L’errore dei giudici di merito
Nei gradi di giudizio precedenti, i giudici avevano dato ragione all’Azienda. Si erano concentrati su elementi ritenuti secondari dalla Cassazione. Avevano notato, ad esempio, che le due imprese operavano in settori di attività parzialmente diversi, avevano sedi legali differenti e una clientela non identica. Secondo loro, questi fattori erano sufficienti a escludere il collegamento. Avevano quindi sottovalutato l’elemento più importante: lo strettissimo legame familiare tra i proprietari delle due entità.
Le motivazioni: il legame familiare è più forte di ogni altro indizio
La Corte di Cassazione ha ribaltato la decisione, accogliendo la tesi dell’Ente Previdenziale. I giudici supremi hanno spiegato che per integrare gli assetti proprietari sostanzialmente coincidenti non è necessario che le due società abbiano gli stessi soci. Basta che esista un legame, come quello di coniugio o parentela, così forte da far presumere un’operazione unitaria e coordinata. Il legame tra marito, moglie e madre è stato considerato un indizio più che sufficiente. La Corte ha chiarito che altri elementi, come la diversità del settore di attività o della sede, sono irrilevanti. La legge stessa ammette che il collegamento possa esistere anche tra imprese di settori diversi. Concentrarsi su questi dettagli significa non comprendere la finalità della norma, che è quella di prevenire comportamenti elusivi.
Le conclusioni: niente benefici se l’operazione è sospetta
L’esito è chiaro: l’Ente Previdenziale ha vinto la causa.
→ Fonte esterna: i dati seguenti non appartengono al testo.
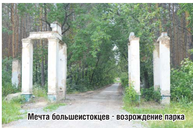
Мечта большеистокцев - возрождение парка

аттракционы. Но этого мало. Я представляю: вот бы отремонтировать вот эту сцену – центральную площад-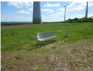
Eine Bank im 1. Wegabschnitt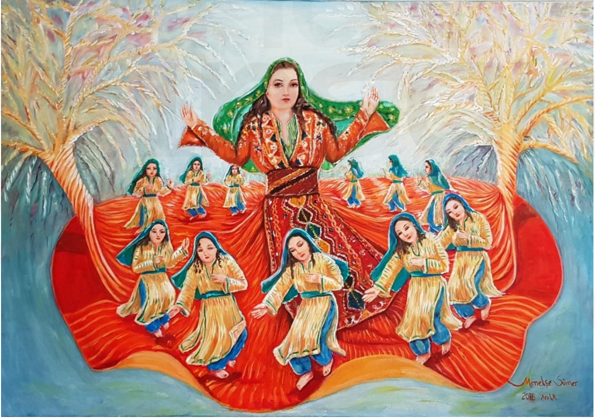
Resim 8. Saliha (Menekşe) Sümer, İnsana Semah , 2017, Tuval üzeri yağlı boya, 70 x 100 cm.

Menekşe Sümer'in "İnsana Semah" adlı tablosu, kompozisyon ve renk kullanımı açısından oldukça etkileyici ve anlamlı bir eserdir. 70x100 cm boyutlarındaki bu yağlıboya tablo, izleyiciyi adeta evrensel değerlerle bezenmiş bir dünyaya davet etmektedir. Kompozisyon açısından bakıldığında, tablonun merkezinde dev bir kadın figürü yer almaktadır. Bu figür, bir Ana Tanrıça temsilini andırmakta ve resmin odak noktasını oluşturmaktadır. Merkezi figürün etrafında, semah dönen daha küçük kadın figürleri bulunmaktadır. Bu düzenleme, izleyicinin gözünü önce merkezdeki ana figüre, sonra da dışa doğru genişleyen bir hareketle diğer figürlere yönlendirmektedir. Tablodaki figürlerin dizilimi dairesel bir form oluşturmakta, bu da semahın dönüş hareketini vurgulamaktadır. Bu dairesel kompozisyon, aynı zamanda evrenin döngüsellikini ve yaşamın devamlılığını simgelemektedir. Figürlerin boyut farklılıkları, resme derinlik katmakta ve bir hiyerarşi hissi uyandırmaktadır. Renk kullanımına baktığımızda Menekşe canlı ve kontrast renkleri tercih etmiştir. Arka planda flu tonlar kullanılırken, figürler daha parlak ve canlı renklerle resmedilmiştir. Bu kontrast, figürlerin ön plana çıkmasını sağlamakta ve resme dramatik bir etki katmaktadır.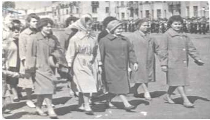
Первые выпускники средней школы № 1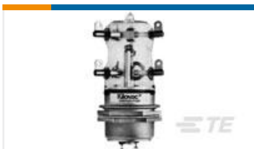
TE 产品编号1-1618273-5 H-16C=RELAY, VACUUM, DPDT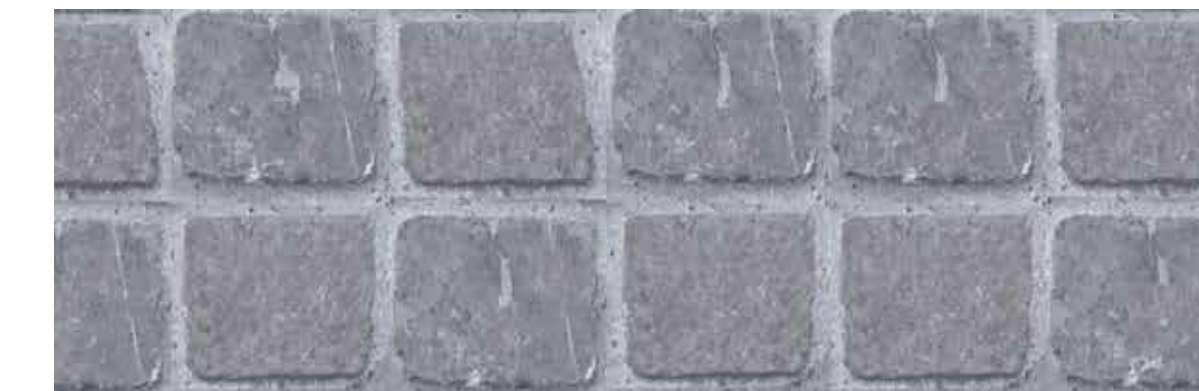
Pavé pierre calcaire (le pied de façade)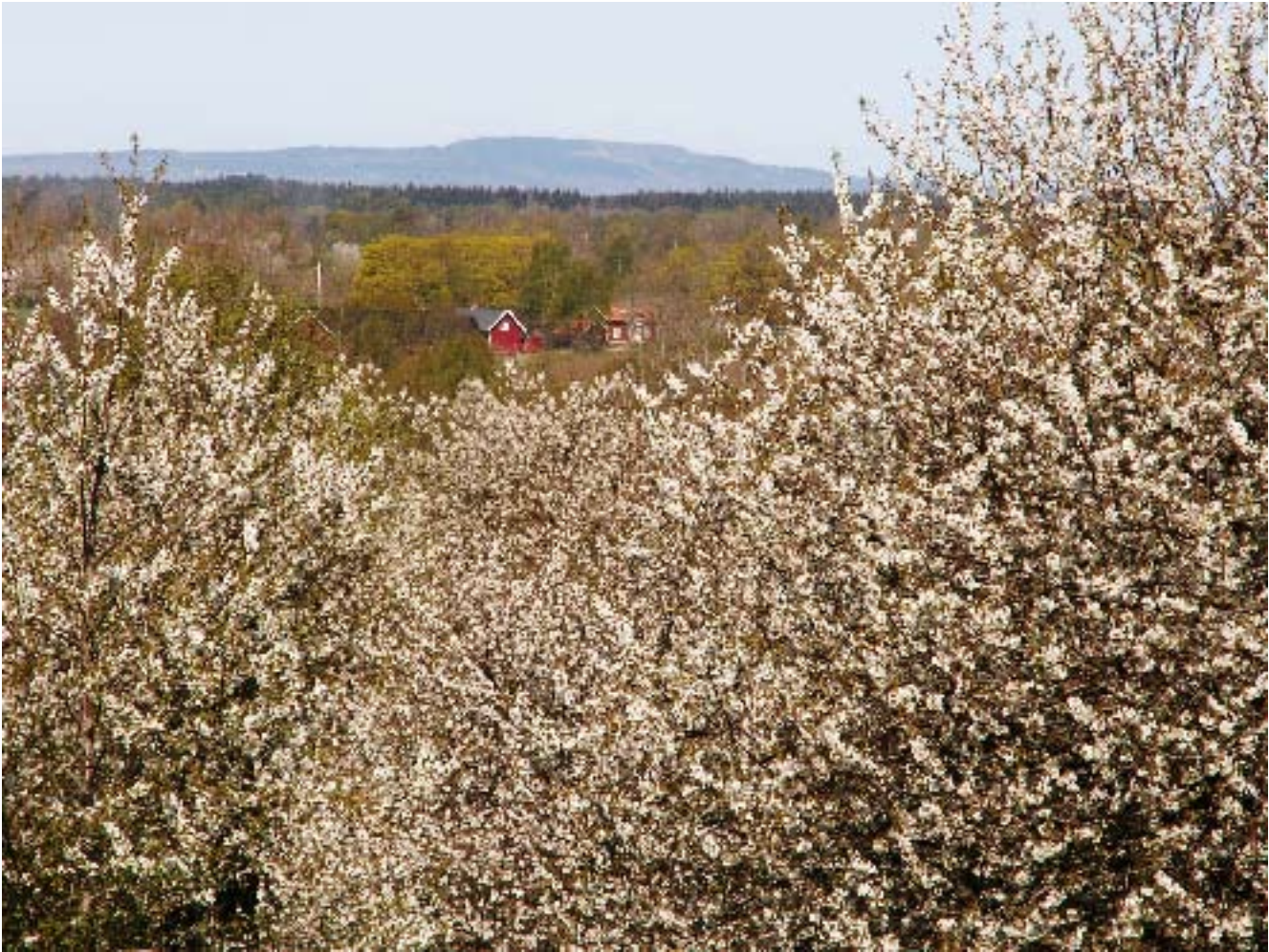
Vacker vårvy från Valle.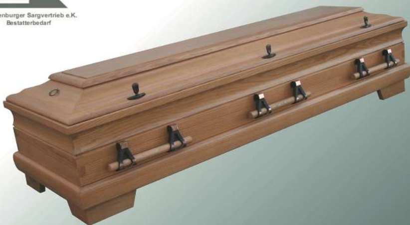
Diritto 81 Eiche mit Holzgriffen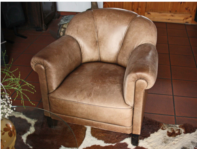
Cuir mat : crème aniline

Pour les cuirs à pores fins, veuillez utiliser notre protection intensive : crème aniline COLOURLOCK . Appliquée régulièrement, la crème aniline a un fort effet imperméabilisant contre tous les types de taches et salissures. Important : la protection antitache ne peut fonctionner que si le cuir est traité dès le début de l'utilisation. Si le cuir est déjà taché, il est presque impossible de pouvoir le détacher sans faire appel à une société spécialisée. Par conséquent, il est très important d'entreprendre les bonnes mesures de préventions.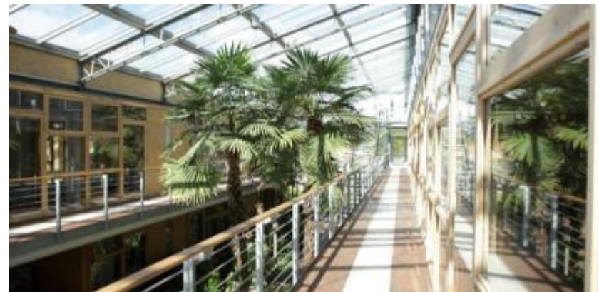
Technik- und Ökologiezentrum Eckernförde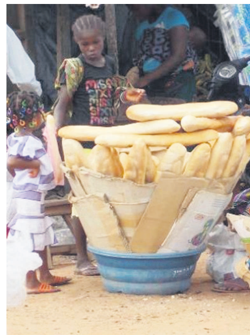
Vendeur de pain ambulancier

En effet, dans cette ville, le pain est vendu partout et généralement sans emballage, dans les différents marchés de la place, aux abords de trottoirs, dans les rues et avenues des quartiers, ce qui l'expose à la poussière et aux microbes. À cela s'ajoute sa manipulation à chaque fois qu'une personne veut s'en acheter. « Le pain se vend n'importe où et même par n'importe qui dans des conditions peu hygiéniques, il est donc indispensable que soit mise en place une équipe de services d'hygiène qui aura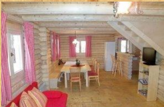
Wohnraum mit Schwedenofen, Couch und Flachbildfernseher

Halbpension: Kinder bis 2,99 Jahre frei; 3-11 Jahre € 10,90; ab 12 Jahren € 18,00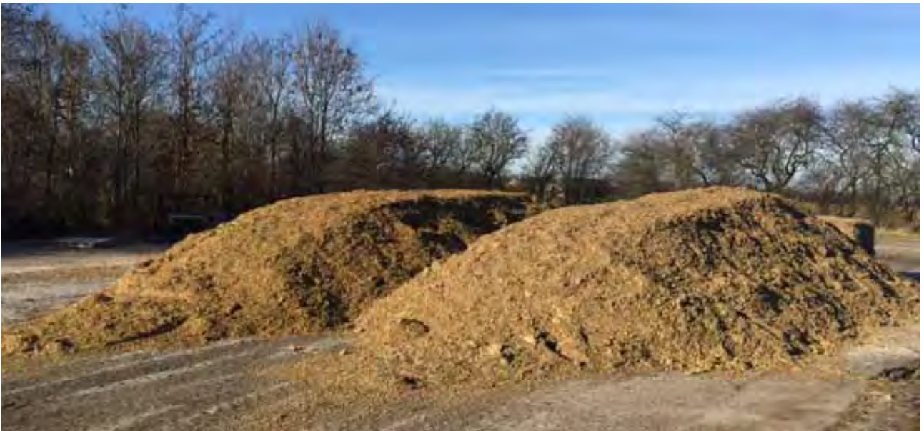
Et par af de indkomne majspartier.

En fodringsstest, udført ved Danmarks Kvægforskningscenter, skal give os mere viden om, hvor meget foderoptagelse og mælkeydelse påvirkes af NDF fordøjeligheden i majsensilage. Det testes også, om effekten af NDF fordøjelighed i majs er påvirket af foderets blandingsgrad og dermed om ekstra blandetid kan ophæve en forventet negativ effekt af lav fordøjelighed.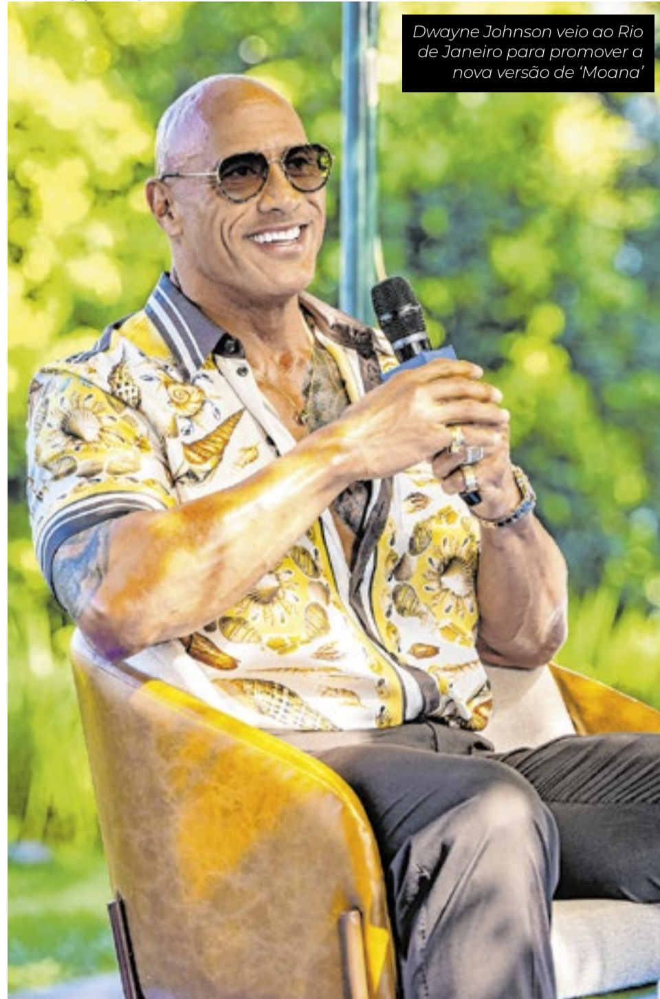
Dwayne Johnson veio ao Rio de Janeiro para promover a nova versão de 'Moana'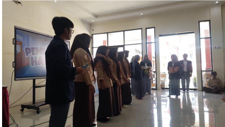
Gambar 4. Peserta terlibat aktif dalam kegiatan pengabdian

sekolah. Secara keseluruhan, hasil ini menunjukkan bahwa edukasi berbasis TPB berhasil meningkatkan pengetahuan, sikap, dan kesiapsiagaan siswa dalam upaya pencegahan kekerasan seksual.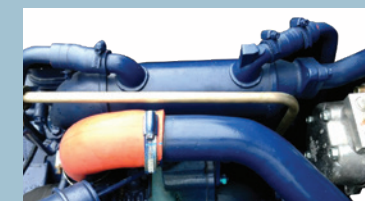
Hệ thống hồi lưu khí xả EGR (Exhaust Gas Recirculation):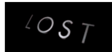
Logotip de la sèrie

Poques vegades trobes una trama que t'obligui a aïllar-te de tot. Això és el que aconseguirà la sèrie de J.J. Abrahams Lost . En aquests moments estem gaudint de la sisena i última temporada (o no...), i encara ens estem preguntant si realment pot tenir un final digne de les expectatives creades. Els capítols –són els més baixats de la xarxa– estan farcits de tota mena d'intrigues, emocions, aventures i misteris, en un paratge tan bell com feréstec d'una illa que ens remet a uns orígens incerts i mitològics. És una sèrie que marca un abans i un després en tot el que s'emet actualment. És tal l'àurea d'incògnites i misteris que planteja que es fa inútil intentar explicar a algú de què va sense descobrir-li massa "secrets"... S'ha de veure! I per això la pregunta més freqüent entre els seguidors és: I tu per on passes?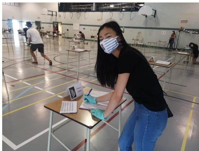
Signature des albums des finissants et des finissantes

Les finissantes et les finissants ont eu l'occasion de signer les albums des finissants les 22, 23 et 25 juin. L'activité avait été proposée dans le cadre des consultations des comités d'élèves (comité du bal, comité de l'album et conseil des élèves).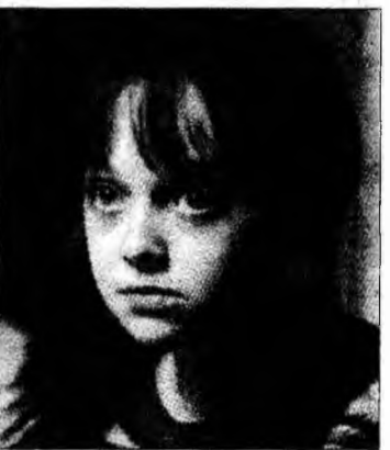
Dakota Fanning

Serviciile meteorologice din Spania au anunțat că valul de frig care a cuprins Peninsula iberică se va menține în următoarele zile, fiind prognozate căderi masive de zăpadă și temperaturi foarte scăzute.

La sentenza del tribunale inferiore è stata annullata e il caso dovrà essere riesaminato. Il nuovo giudice dovrà attenersi al principio stabilito dalla Cassazione: un legame familiare così stretto tra i titolari di due aziende è un elemento chiave per negare le agevolazioni. Questa decisione rappresenta un importante monito. Le norme sugli incentivi all’occupazione non devono essere usate per mascherare operazioni che, nella sostanza, spostano solo i lavoratori da una tasca all’altra dello stesso gruppo familiare o imprenditoriale.
Cosa significa ‘assetti proprietari sostanzialmente coincidenti’?
Significa che due società, anche se legalmente separate, sono di fatto controllate dallo stesso gruppo di persone o da un unico centro di interessi, spesso una famiglia. Questa situazione impedisce di ottenere certi benefici statali.
Un legame di parentela tra i titolari di due aziende è sufficiente per perdere le agevolazioni?
Sì. Secondo la Cassazione, un legame familiare stretto (come marito/moglie o genitore/figlio) è un indizio molto forte di un’operazione coordinata e può portare alla perdita delle agevolazioni per l’assunzione di lavoratori licenziati dall’azienda del parente.
Le due aziende devono operare nello stesso settore per essere considerate collegate?
No. La Corte di Cassazione ha chiarito che la diversità del settore di attività, della sede legale o della clientela sono elementi irrilevanti se esiste un forte legame tra le proprietà che suggerisce un’operazione elusiva.